Jump prevention problem

Hey Neil,

I’ve not been able to reproduce this. Can you send me a copy of your two racks so I can check I’ve set it up the same way.

Brad

Thanks Brad - racks sent to you via e-mail.

Neil

Hi @Neil_Durant

I’ve been looking into this again this morning but still be unable to reproduce it even using your rack files. There must be something else going on that’s not in my simplified test.

The way jump prevention is implemented it’s fairly stateless - it actually asks the target what the current value is and only tracks if it’s what it expects. So if it’s tracking, that suggests the value never got set by the trigger.

Can you confirm whether the trigger is firing and that free-g is set to the correct gain level before moving the pedal?

Brad

Yes, I’ve just tested it again on a clean simple song, and the CC16 binding definitely sets FreeG’s initial level. But as soon as CC11 comes in over the other binding, FreeG moves, when it should remain static / jump-prevented until CC11 passes that CC16 value.

I tried disabling the CC16 binding, so FreeG doesn’t receive an initial level, and left FreeG in an arbitrary position.
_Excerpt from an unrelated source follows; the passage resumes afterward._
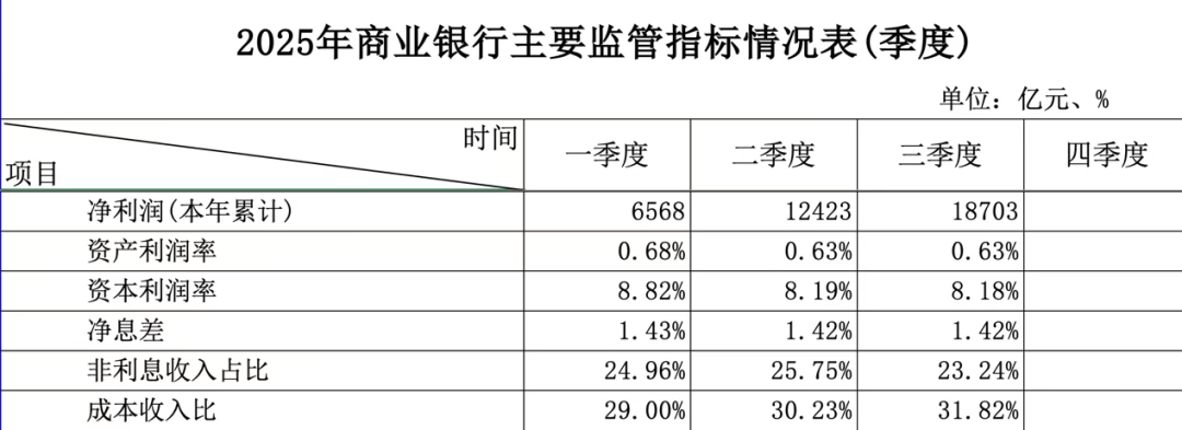 资产质量方面,2025年三季度末,商业银行不良贷款余额为3.5万亿元,较上季末增加883亿元;商业银行不良贷款率为1.52%,较上季末上升0.03个百分点。

When I switched to the song, and moved the pedal to send CC11 in to move FreeG, jump prevention kicked in as you’d expect, until I moved through the current FreeG level, then it tracked.

So the bug appears to require both these two conditions to be met:

  1. Jumping in from another song, with the CC11/CC16 bindings set on that first song state (i.e. does not happen just jumping to that first state from a later state)
  2. The CC16 “initial level” binding must be enabled

Note: I can also reproduce this when the bindings go to a Cantabile gain slider, without using FreeG.

Strange…

Neil

Hey @Neil_Durant Sent you an email.

I’ve finally had some time to do some more experimentation with this, and have some new information.

As a reminder, I have a “pedal fade” rack that outputs controller 16, value 0 at song start, and maps expression pedal input to controller 11. The output of this goes to a strings rack, which has two bindings, from cc11 and cc16 both to a Cantabile gain control on an empty rack (rack stereo in routes straight to rack stereo out - basically the rack just acts as a gain control - I used to use FreeG for this). The cc11 binding is set to “Absolute with jump prevention” and the cc16 binding is set to “Absolute”. The idea is that cc16 always sets the desired start level, and expression pedal input won’t do anything until it passes the level set by cc16 (jump prevention). What I was finding was when this happens at the start of a song, the cc16 value appears to be ignored, so jump prevention on cc11 doesn’t work.

What I’ve found now is that jump prevention does appear to work, as long as some controller data passes through the “Absolute with jump prevention” binding before the absolute value is set with the cc16 binding.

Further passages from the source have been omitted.